Conclusion: In women with SLE, preterm birth is strongly associated with C3 levels and mean glucocorticoid doses. Therefore, it is important to manage both disease activity, especially in C3, and glucocorticoid dose in women who hope to conceive. Figure 1. Comparison of the rate of preterm birth or gestational weeks at delivery with disease activity parameters and glucocorticoid doses. A. Rate of preterm birth. Cases with C3 < 62mg/dl or anti-dsDNA antibody titers > 5.4IU/ml or PSL > 10mg/day had a significantly higher rate of preterm birth (P = 0.01, 0.04 and < 0.01). B. Gestational weeks at delivery. In cases with C3 < 62mg/dl or anti-dsDNA antibody titers > 5.4IU/ml or PSL > 10mg/day, gestational weeks at delivery were siginificantly shorter (P < 0.01, 0.01 and < 0.01). These analyses were based on Fisher’s exact test. PSL: prednisolone.

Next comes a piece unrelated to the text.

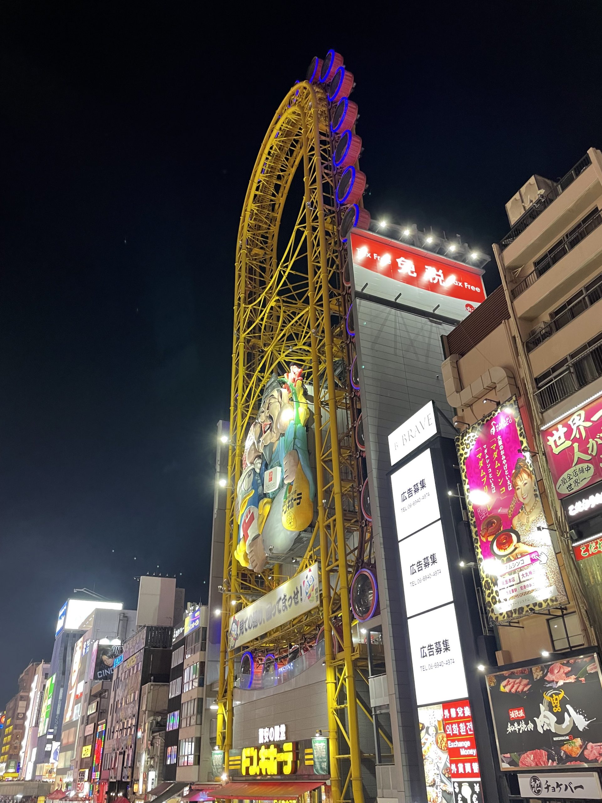 Am nächsten Tag haben wir unter anderem den Dotonbori-Distrikt besucht. Dort gibt es viele Neon Schilder, unter anderem den berühmten „Glico-Mann“, viele kleine Läden für Essen und viele andere Kleinigkeiten. Am bekanntesten ist eine bestimmte Brücke, die voll mit Menschen ist. Man ist dort umgeben von vielen Hochhäusern, an deren Außenwände die buntesten LED-Schilder angebracht sind, die die Aufmerksamkeit der Menschenmasse auf sich ziehen wollen. In diesem dicht gedrängten Gebiet sieht man unfassbar viele Handys, Kameras und posende Menschen, die die Szenerie festhalten wollen. Eine sehr lebhafte und trubelige Gegend!

Table 1. Multivariate logistic regression analysis of risk factor for preterm birth. C3 < 62mg/dl or mean glucocorticoid dose > 10mg/day was shown to be a risk factor for preterm birth (P = 0.039 and 0.026).
Figure 2. Comparison of the rate of preterm birth or gestational weeks at delivery with the combination of C3 levels and glucocorticoid doses. The combination of C3 < 62mg/dl and PSL > 10mg/day had a significantly higher rate of risk for preterm birth (P = 0.01), and significant difference of gestational weeks at delivery (P = 0.02). These analyses were based on Fisher’s exact test. PSL: prednisolone. Disclosures: H. Shimada, None; R. Wakiya, None; s. nakashima, None; M. Kato, None; t. miyagi, None; Y. Ushio, None; K. Sugihara, None; R. Mino, None; m. mizusaki, None; K. Chujo, None; T. Kameda, None; H. Dobashi, Bristol-Myers Squibb (BMS), Chugai, Eli Lilly, GlaxoSmithKlein (GSK), MSD, Novartis, Pfizer, UCB Pharma.